C'era un giovane che passava di lì, amato dalle Muse. Era così povero che spesso non aveva altro riparo che quello offerto dai boschi e dalle siepi, né altro cibo che frutti selvatici ed erbe dei campi. Ma questo giovane sapeva mettere le bellezze della terra, le sue colline e valli, i suoi templi, i fiori, e i desideri e gli amori della sua gente in parole che cantavano insieme come cantavano le note di un liuto. Era un giovane poeta.

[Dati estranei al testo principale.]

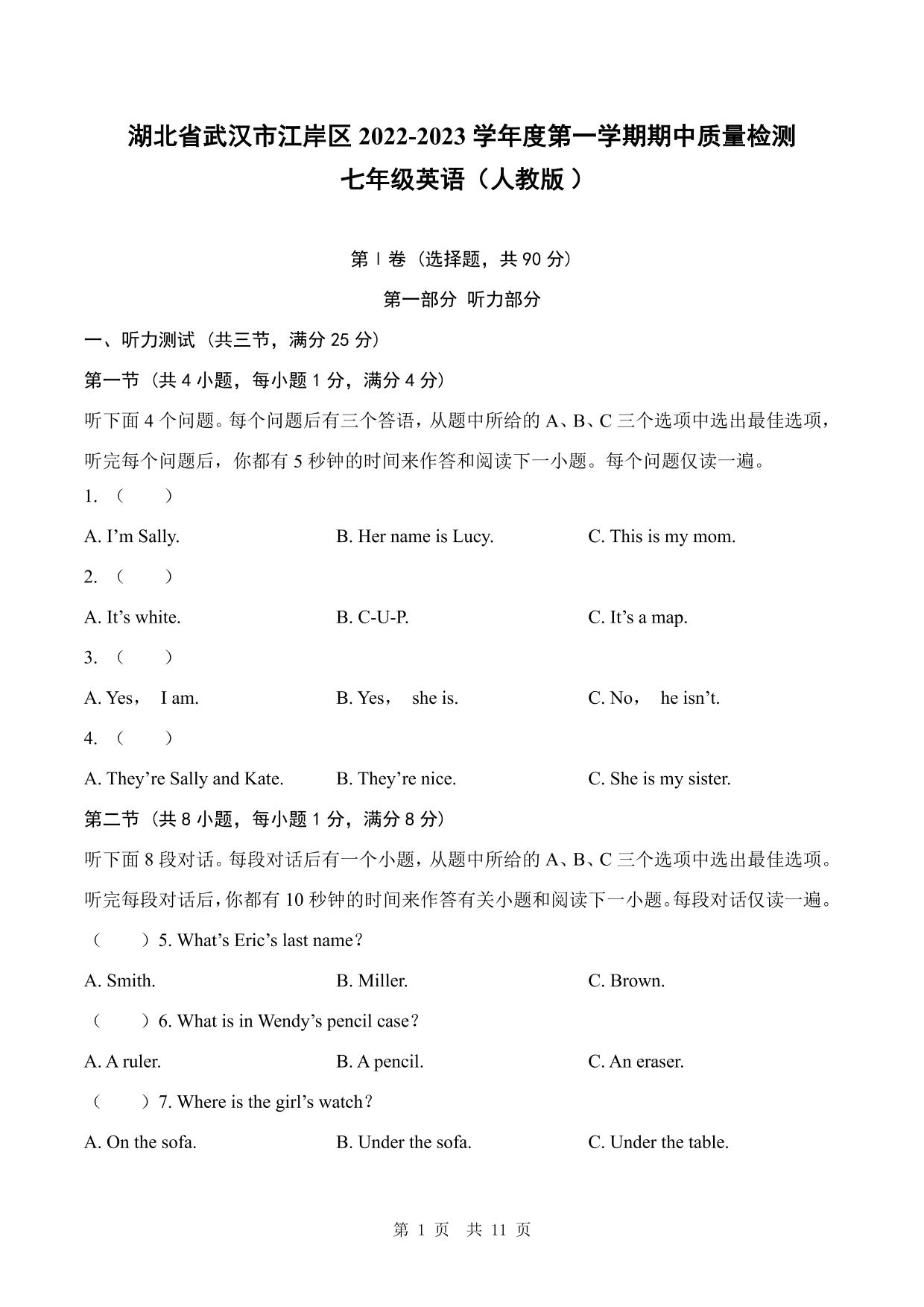 湖北省武汉市江岸区2022-2023学年度第一学期期中质量检测七年级英语(人教版)【无听力音频】

Il poeta provò una grande compassione per il cavallo che vide nel campo, curvo sotto i colpi del suo rozzo padrone, e con le ali trascinanti e strappate. "Lascia che provi a guidare il tuo cavallo," supplicò, attraversando il campo e montando sul dorso di Pegaso.
Fu improvvisamente come se uno degli dei stesse cavalcando Pegaso. Alzò la testa in alto, e i suoi piedi pesanti lasciarono le zolle di terra. Le sue ali si raddrizzarono e si spiegarono larghe.

Portando il giovane, Pegaso si levò attraverso l'aria mentre la gente del paese si radunava da tutte le fattorie vicine per guardare la meraviglia, un cavallo alato con una fluente criniera dorata che si alzava e poi si nascondeva dentro le nuvole che si aprivano sul Monte Olimpo.